With just 17 games remaining and how tight the Atlantic division standings are, I find myself at another point of reflection on this Maple Leafs squad. The Maple Leafs will play 6 of their next 17 games against the other top Atlantic division teams. All are potential playoff opponents, and only one of those games, the regular season finale, will be played at Scotiabank Arena.
This next month will most definitely dictate the overall confidence the fanbase has in the team going into the playoffs even though we should all expect the Leafs to be playing against a very good team either way. With that being said, I do think that Sheldon Keefe has some very tough decisions to make over this next month and it will most definitely affect the way he is viewed come the off-season.
For today, I’d like to focus only on the forwards and go through some quick thoughts on how I think each option will stack up against each of the 4 possible playoff opponents in Florida, Tampa Bay, Boston, and Carolina.
Option #1: Status Quo Top-9 and 4th Line Makeover
This configuration of the Leafs lineup has generally been their most consistent lineup throughout the year. That top line is one of the very best in hockey, the second line has struggled to say the least, and the third line is one of the very best shutdown lines in the NHL. The fourth line here would normally be some combination of Spezza, Simmonds and the rotational 12th guy, which has also struggled mightily lately. This is why the addition of a Blackwell and healthy Kase is so vital to this team as it clearly makes the 4th line a-lot more serviceable with each member of the line also being a part of special teams.
On paper this lineup can work, especially at home. The lack of defensive prowess on that second line can be mitigated by matching up the third line against oppositions top six lines. You can shelter that Tavares line and hopefully capture that Kerfoot-Nylander chemistry from last year’s playoffs and have them feast against weaker competition. The fourth line here provides a little bit of everything and can hopefully go toe-to-toe with opposing fourth lines.
The real question here is the reliance on that first and third lines. If Keefe is okay with trotting out two lines that have struggled long enough for it to not be considered a blip, then all eyes will point to the Matthews and Kämpf lines to handily win their minutes against the likes of Barkov, Huberdeau, Giroux, Point, Kucherov, Stamkos, Bergeron, Marchand, Pastrnak, Aho, Teravainen, and Svechnikov. As good as both lines have been, that is a truly tall task to ask of your players and we haven’t even talked about the exposure this lineup will leave the Leafs with on the road.
Personally, I think the risk of getting two of your four lines exploited and hoping for your elite lines to not just win their minutes but dominate them against some of other best lines in the NHL is a suboptimal plan for Sheldon Keefe to go with.
Option #2: Switch Kase and Kerfoot
This change provides that second line with a more stable defensive presence while also giving the fourth line a bit of an offensive spark.

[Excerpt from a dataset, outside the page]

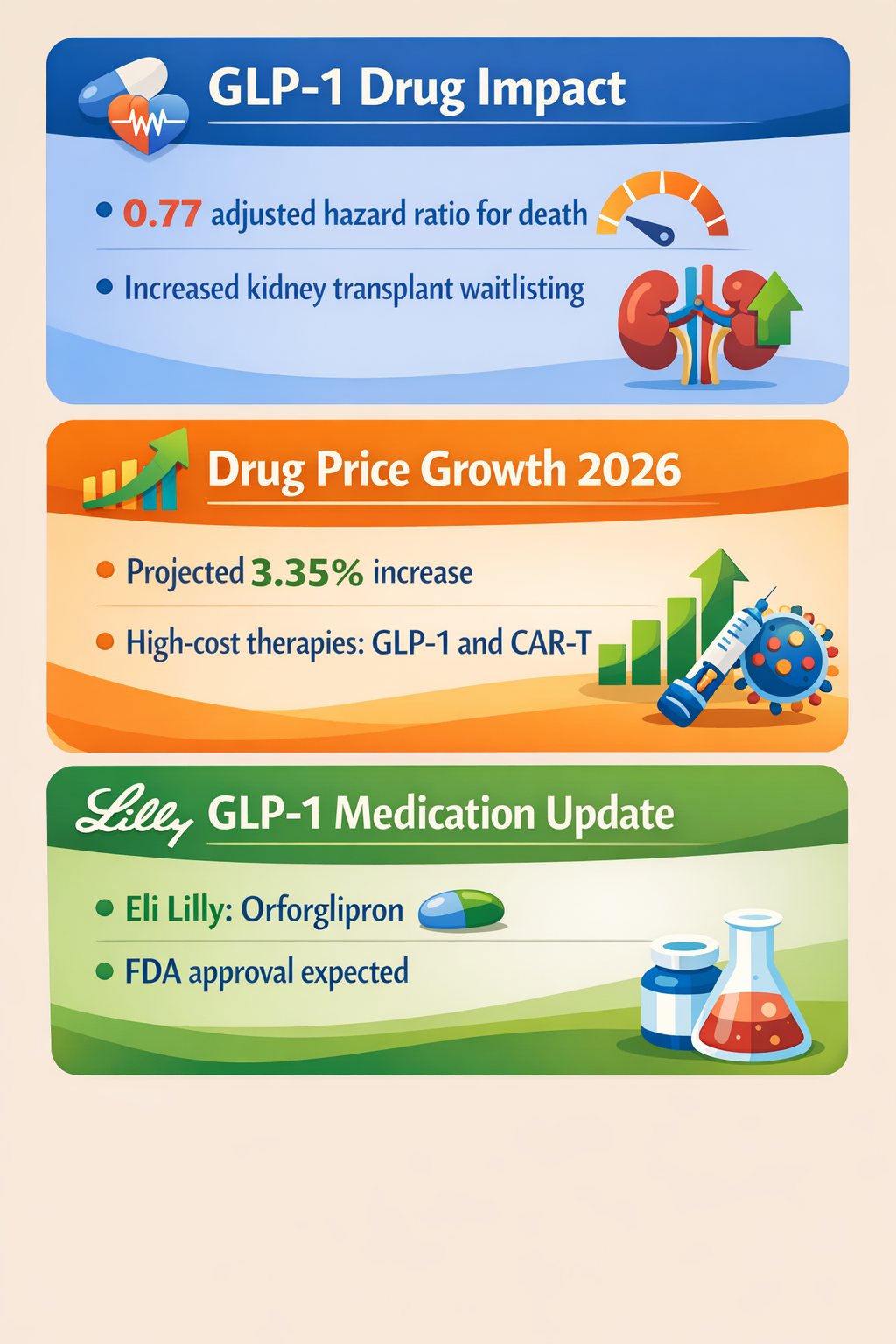 - First GLP-1 weight loss pill approved: Novo Nordisk's oral Wegovy is expected to be widely available, with another pill from Eli Lilly likely later in 2026 - offering a needle-free option many patients prefer. Newswise. https://www.newswise.com/articles/why-2026-will-reshape-access-to-glp-1-weight-loss-drugs

Although these lines would provide a more unique look to what we have seen so far this year, I can’t see myself getting all too excited about this option as it doesn’t really eliminate any more reliance on the first and third lines than what are currently experiencing in option 1. Furthermore, with Kase battling another concussion… the Leafs can’t be that confident in his ability to stay in the lineup for an entire playoff run so they might opt to limit his minutes when he is healthy and you simply can’t do that for him in a top six role.
Option #3: Shake Up The Top 6
Let’s get crazy here! I am sorry to have to break up the “3M Line”TM but I believe this should be an option the Leafs consider. Mitch Marner is quite literally the key to unlocking John Tavares’ offensive game. We know that duo works together and to be completely honest, I think if Keefe trusted Nylander a little bit more defensively… he would have made this switch a long time ago. That Matthews line has succeeded in 5v5 minutes earlier this year and so has that Tavares line and if it spreads the wealth a bit more, why not give this configuration more of a run?
There is a little bit of everything on each line with this option and that is something that can be very dangerous in the playoffs. Especially on the road when the Leafs can hopefully dictate the pace of the game and instead of chasing the matchups, the Leafs can force the other team to be the ones chasing.
Overall, I think it is very unlikely that we see Matthews and Marner split up unless they’re not successful down the stretch. However, I do think it is necessary to have two offensively potent lines rolling into the playoffs and the best chance to get that out of this Leafs club is mixing it up in the top six.
In my opinion, the Leafs have about 18 forwards (assuming Matthew Knies signs with the team after his NCAA season is finished) that can give them NHL minutes. Within those 6 extras: Robertson, Clifford, Simmonds, Abruzzese, Knies, and Anderson… there is a variety of talent that can be added to the top 12 as a spark plug. So in general, I really am excited to see where these Leafs lines can take us not only down the stretch but into the future… but I do think it will take some imagination and courage from Sheldon Keefe to make some decisions that might not be as popular amongst the fanbase and even more importantly amongst the players themselves.